You mean if the following two are equivalent

Here also conductive plates have been inserted and inserted plates are split and separated by conductive wires in (1) but it is [picture (1)] is equivalent to picture (2) that means this kind of assumptions are legitimate.

 

[cnh1995]

Here also conductive plates have been inserted and inserted plates are split and separated by conductive wires in (1) but it is [picture (1)] is equivalent to picture (2) that means this kind of assumptions are legitimate.

Yes. If you combine the middle plates in picture 1, you'll end up with picture 2.

 

[gracy]

I have come to a conclusion

If dielectrics partition the space horizontally , they are in series and if dielectrics partition the space vertically then they are parallel. Correct?

 

[NascentOxygen]

I have come to a conclusion

If dielectrics partition the space horizontally , they are in series and if dielectrics partition the space vertically then they are parallel. Correct?

Correct, provided that the parallel plates are vertical...and spaced horizontally apart as in the figures in this thread.

 

[gracy]

If dielectrics partition the space horizontally , they are in series and if dielectrics partition the space vertically then they are parallel. Correct?

And the direction of given capacitor plates is always considered to be horizontal. Right?

 

[cnh1995]

And the direction of given capacitor plates is always considered to be horizontal. Right?

Yes.

 

[gracy]

given capacitor plates

The plate which are at extreme positions i.e the left and right most.

 

[cnh1995]

The plate which are at extreme positions i.e the left and right most.

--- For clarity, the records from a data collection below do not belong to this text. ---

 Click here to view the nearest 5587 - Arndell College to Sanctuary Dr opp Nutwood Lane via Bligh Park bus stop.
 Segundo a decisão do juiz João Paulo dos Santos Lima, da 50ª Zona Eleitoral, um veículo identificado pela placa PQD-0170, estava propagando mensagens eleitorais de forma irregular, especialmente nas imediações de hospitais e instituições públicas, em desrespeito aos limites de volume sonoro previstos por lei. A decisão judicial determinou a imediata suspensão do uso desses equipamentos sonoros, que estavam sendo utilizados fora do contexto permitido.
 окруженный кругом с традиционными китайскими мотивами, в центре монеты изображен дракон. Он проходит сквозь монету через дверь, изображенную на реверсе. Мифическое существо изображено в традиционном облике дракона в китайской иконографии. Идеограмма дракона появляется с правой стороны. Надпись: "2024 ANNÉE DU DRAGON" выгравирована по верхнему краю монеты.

If the partition is parallel to the plates, they're in series and if the partition is perpendicular to the plates, they're in parallel.

 

[gracy]

If the partition is parallel to the plates, they're in series and if the partition is perpendicular to the plates, they're in parallel.

Any exceptions?

 

[cnh1995]

Any exceptions?

None. But the partitions should be continuous from one end to the other.

 

[gracy]

But the partions should be continuous from one end to the other.

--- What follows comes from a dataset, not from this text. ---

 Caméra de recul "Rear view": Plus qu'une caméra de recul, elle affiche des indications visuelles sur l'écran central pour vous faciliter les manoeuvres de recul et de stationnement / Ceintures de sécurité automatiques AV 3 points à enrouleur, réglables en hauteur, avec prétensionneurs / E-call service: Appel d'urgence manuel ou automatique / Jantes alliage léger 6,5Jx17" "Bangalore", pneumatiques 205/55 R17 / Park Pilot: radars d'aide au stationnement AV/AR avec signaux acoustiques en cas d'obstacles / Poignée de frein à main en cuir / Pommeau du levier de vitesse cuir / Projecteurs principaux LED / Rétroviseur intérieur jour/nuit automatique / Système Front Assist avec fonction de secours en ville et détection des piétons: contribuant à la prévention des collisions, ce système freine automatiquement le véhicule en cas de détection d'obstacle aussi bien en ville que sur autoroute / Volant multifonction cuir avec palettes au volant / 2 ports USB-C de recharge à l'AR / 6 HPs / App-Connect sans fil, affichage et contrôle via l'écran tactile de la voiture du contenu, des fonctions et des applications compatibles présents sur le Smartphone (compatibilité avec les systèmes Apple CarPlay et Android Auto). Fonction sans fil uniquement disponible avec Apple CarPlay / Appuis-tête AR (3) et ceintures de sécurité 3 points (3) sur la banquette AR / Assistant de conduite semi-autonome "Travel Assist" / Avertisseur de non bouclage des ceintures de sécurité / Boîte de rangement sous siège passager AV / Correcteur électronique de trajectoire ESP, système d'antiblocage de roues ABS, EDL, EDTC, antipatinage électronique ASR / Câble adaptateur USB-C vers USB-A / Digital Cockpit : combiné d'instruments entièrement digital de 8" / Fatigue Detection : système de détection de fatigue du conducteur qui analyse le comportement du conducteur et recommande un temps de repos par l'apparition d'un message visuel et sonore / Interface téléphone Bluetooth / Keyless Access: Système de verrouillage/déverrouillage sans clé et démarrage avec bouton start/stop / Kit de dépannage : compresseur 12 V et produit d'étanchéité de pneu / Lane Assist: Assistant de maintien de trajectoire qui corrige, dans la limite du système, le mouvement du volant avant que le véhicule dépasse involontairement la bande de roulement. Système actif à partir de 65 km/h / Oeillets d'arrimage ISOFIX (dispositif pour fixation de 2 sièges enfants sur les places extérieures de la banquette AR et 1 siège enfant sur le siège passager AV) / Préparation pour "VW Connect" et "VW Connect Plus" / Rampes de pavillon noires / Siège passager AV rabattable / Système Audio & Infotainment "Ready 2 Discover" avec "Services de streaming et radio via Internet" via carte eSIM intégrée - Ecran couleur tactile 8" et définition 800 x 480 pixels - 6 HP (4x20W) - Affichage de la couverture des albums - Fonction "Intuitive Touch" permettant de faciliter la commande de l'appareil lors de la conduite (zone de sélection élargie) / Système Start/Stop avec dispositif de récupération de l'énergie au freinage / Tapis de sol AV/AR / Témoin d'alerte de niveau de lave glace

You mean there should not be empty space in between ?

 

[cnh1995]

I meant something like this..

 

[gracy]

The two plates of parallel capacitors should have same area . Is that correct?

 

[cnh1995]

The two plates of parallel capacitors should have same area . Is that correct?

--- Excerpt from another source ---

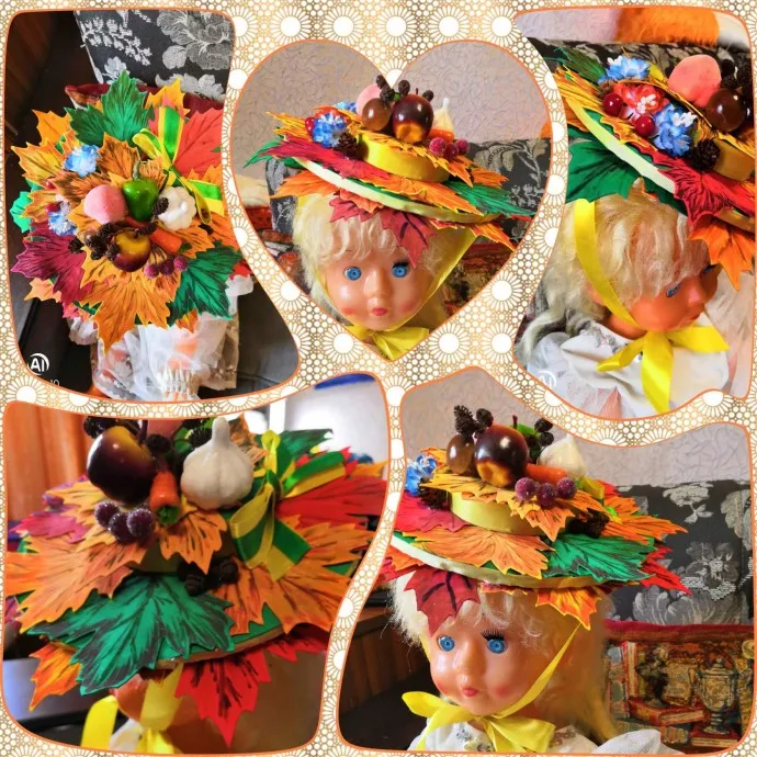 Поделка для детского сада "Осенняя шляпка". Долго думали как, из чего .... Долго искали, подбирали материал для поделки...., сделали за три дня. Получилась вот такая осеняя шляпка.
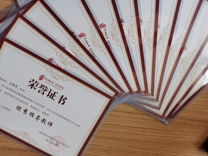 外国语学院共有548名学生参与此次线上实习项目,经过为期一个月的在线实习,其中377名学生获得该公司颁发的实习证明,司怡萌、陈正、郑源等23位同学因表现优秀,被评为“优秀实习生”,学院18位老师被评为优秀指导教师。同时,外国语学院获得该公司授予的“2021年度校企合作模范院校”牌匾。

What do you mean by "two plates"? Which two plates?

 

[gracy]

http://astarmathsandphysics.com/university-physics/electricity-and-magnetism/parallel-plate-capacitors-html-9fd61e5.gif

Here the two plates have same area "A" ,I want to ask what if they had different areas , will they still form parallel plate capacitors together?

 

[cnh1995]

http://astarmathsandphysics.com/university-physics/electricity-and-magnetism/parallel-plate-capacitors-html-9fd61e5.gif

Here the two plates have same area "A" ,I want to ask what if they had different areas , will they still form parallel plate capacitors together?

Yes. But the capacitance will be different.

 

[gracy]

What will we write in place of A in the below formula ? A or B?
$\frac{Aε0}{d}$ If one plate has area "A" and the other "B"

 

[cnh1995]

The charges have to be uniformly distributed on both the plates and the plates have different areas. I believe the capacitance calculation will be a little complicated.

 

[gracy]

Ok. What will be the formula of capacitance for the plate 2 here

 

[cnh1995]

What are those blue portions? Dielectrics? What are the red lines joining them? Wires?

 

[gracy]

What are those blue portions? Dielectrics? What are the red lines joining them? Wires?

Yes and yes.

 

[cnh1995]

Given the area, separation and permitivitty, its capacitance would be C=Aε/d..

 

[gracy]

A is area of ? And why there isn't "K" present?

 

[cnh1995]

A is area of ? And why there isn't "K" present?

What's the need of k when there is 'ε' which is itself kε_o? A is the area of each plate(which is same throughout). I don't understand why you are analyzing this diagram.

 

[gracy]

Ok. Fine. Let's end this thread here as it is going off topic.